I am a guest at H.R. Phoenix’s lovely blog, Penable, which provides all sorts of interesting and helpful information and tips about writing.
My post shares my writing for children journey and my tips for writing for little people. Thank you H.R. for inviting me over.
Hi everyone, I hope you’re all doing great! Today we have a special guest post from children’s author, Robbie Cheadle.
This post is about her experience of writing for children.
Writing for children
I have always been a reader and a writer. I learned how to read at the age of four years old and have always had at least one book on the go ever since. Usually I read and/or listen to three or four books at the same time; one will be an audio book, one will be poetry, and two will be fiction. My interest in reading led me to ‘scribbling’ as a girl. I used to write fanciful prose full of long descriptions about flowers and snowflakes, I also always wrote poetry. English was my favourite subject at school, followed by History.

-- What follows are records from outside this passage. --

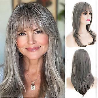 Brown Mixed Grey Long Straight Wig with Bangs, Natural Look Synthetic Hair for Women Daily Party
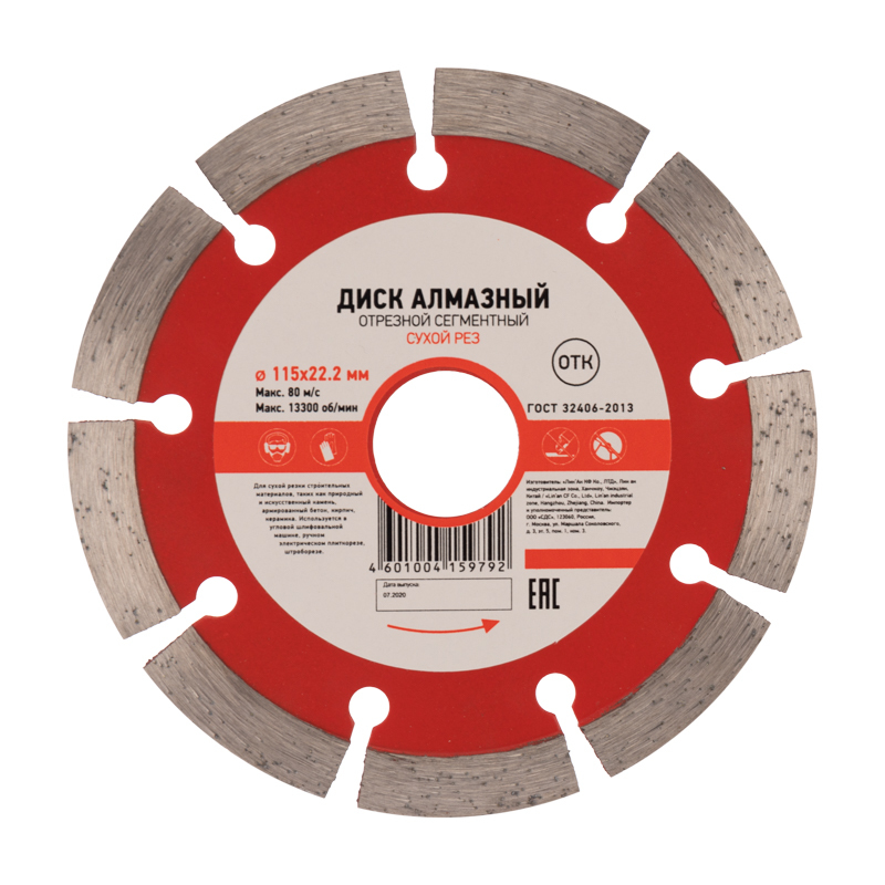 Внимание. Запрещается использовать диск для разрезания металлов. При установке диска руководствуйтесь стрелкой направления вращения диска. Используйте средства индивидуальной защиты. Не утилизировать с бытовыми отxодами.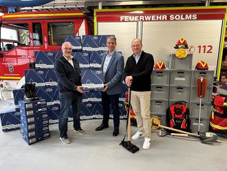 Vergangenes Wochenende hat Bürgermeister Inderthal in Vertretung für den Magistrat der Stadt Solms an die Feuerwehr Solms neue Einsatzstiefel für die Atemschutzgeräteträger und die erste Hälfte der Ausstattung für den neu aufgestellten Waldbrandlöschzug übergeben.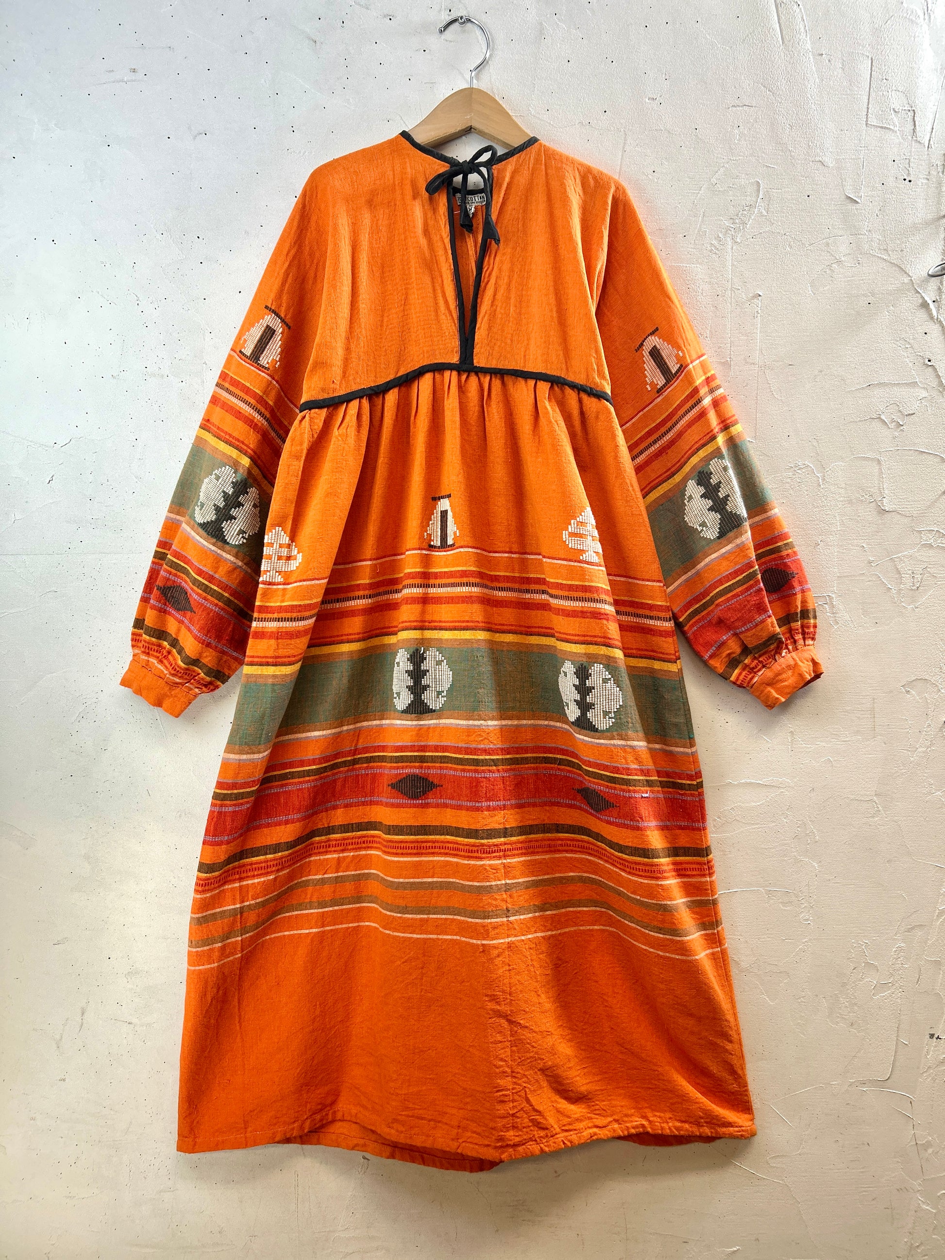 '70s Vintage Indian Cotton Dress MADE IN INDIA [H30978]
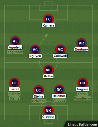 On the left, normally we’d be seeing Diego Fagundez, but he’s listed as questionable after taking a blow to the head in stoppage time last week. If he’s not ready to go, Heaps will probably lean on Scott Caldwell. Caldwell isn’t a natural fit in this role, but without Rowe, no one else is either. This may be the biggest influence on moving to a 4141 or 4231, with Agudelo playing wide left and Caldwell joining a central midfield trio instead of going with two forwards.

When my oldest son, Gregory, was born in 2003, I wanted him to enjoy all the books I’d loved as a girl and so I read to him. Initially I read while he fed and as he got older, we had reading sessions which got longer and longer. Even now, whenever I go to see the doctor who delivered Gregory, his receptionist comments how she remembers my son as being the little boy who would sit and be read to for up to three hours while we waited for my monthly and then weekly appointments during my pregnancy with my second son, Michael. Michael was also taught to be a reader. When he came along in 2006, he used to sit on my lap while I read to Greg. I read to, and later with, Michael until he was twelve years old.
We read so much that eventually I ran out of books. We had repeatedly read all my childhood favourites such as The Enchanted Wood and the Wishing Chair books by Enid Blyton, the Dr Seuss books, the Beatrix Potter books, and many others. I started looking around for modern books to read to my sons. I was not delighted with some of the books I bought for them as many of the stories involved precocious children who made a point of disobeying their parents and doing naughty things. I didn’t want to encourage my boys into bad behavior.
When Gregory was in Grade 1, he melted his wax crayons on the heater at school after reading about similar behaviour by a boy in a book. It was this incident that pushed me to write my own series of books for children full of fantasy and adventure. I liked the idea of stories about people helping other people.